Sometimes it made me weep; and at other [times] I repeated with
transport those words,--"One day I may claim her at your hands." I was
to be his consoler, his companion in after years. My favourite vision
was that when I grew up I would leave my aunt, whose coldness lulled
my conscience, and disguised like a boy I would seek my father through
the world. My imagination hung upon the scene of recognition; his
miniature, which I should continually wear exposed on my breast, would
be the means and I imaged the moment to my mind a thousand and a
thousand times, perpetually varying the circumstances. Sometimes it
would be in a desart; in a populous city; at a ball; we should perhaps
meet in a vessel; and his first words constantly were, "My daughter, I
love thee"! What extactic moments have I passed in these dreams! How
many tears I have shed; how often have I laughed aloud.[13]

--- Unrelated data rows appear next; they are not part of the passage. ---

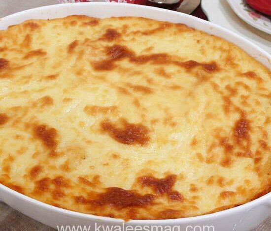 وأخيرا على الوجه نضع بيضة مخفوقه وقطع زبده وتوضع الصينية في الفرن لمدة 20 دقيقة، أو حتى يحمر السطح، ثم تترك لتبرد قليلا قبل التقطيع وتقدم.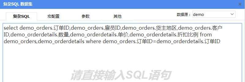 新建复杂SQL数据集“客户信息”,SQL语句:select demo_orders.订单ID,demo_orders.雇员ID,demo_orders.货主地区,demo_orders.客户ID,demo_orderdetails.数量,demo_orderdetails.单价,demo_orderdetails.折扣比例 from demo_orders,demo_orderdetails where demo_orders.订单ID=demo_orderdetails.订单ID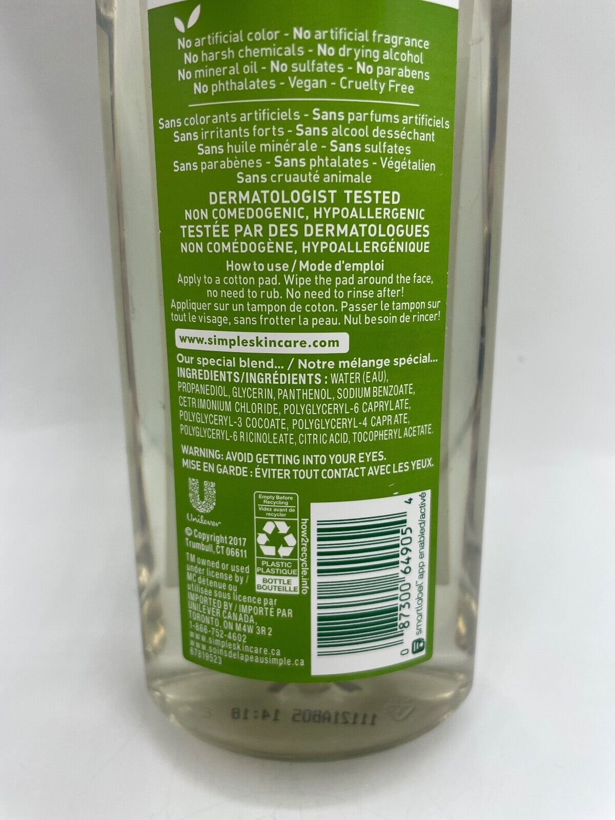 Simple Micellar Cleansing Water 13.5 oz /400ml Kind to Skin Bs263

This was my life for sixteen years. At fourteen and fifteen I often
thought that the time was come when I should commence my pilgrimage,
which I had cheated my own mind into believing was my imperious duty:
but a reluctance to quit my Aunt; a remorse for the grief which, I
could not conceal from myself, I should occasion her for ever
withheld me. Sometimes when I had planned the next morning for my
escape a word of more than usual affection from her lips made me
postpone my resolution. I reproached myself bitterly for what I called
a culpable weakness; but this weakness returned upon me whenever the
critical moment approached, and I never found courage to depart.[14]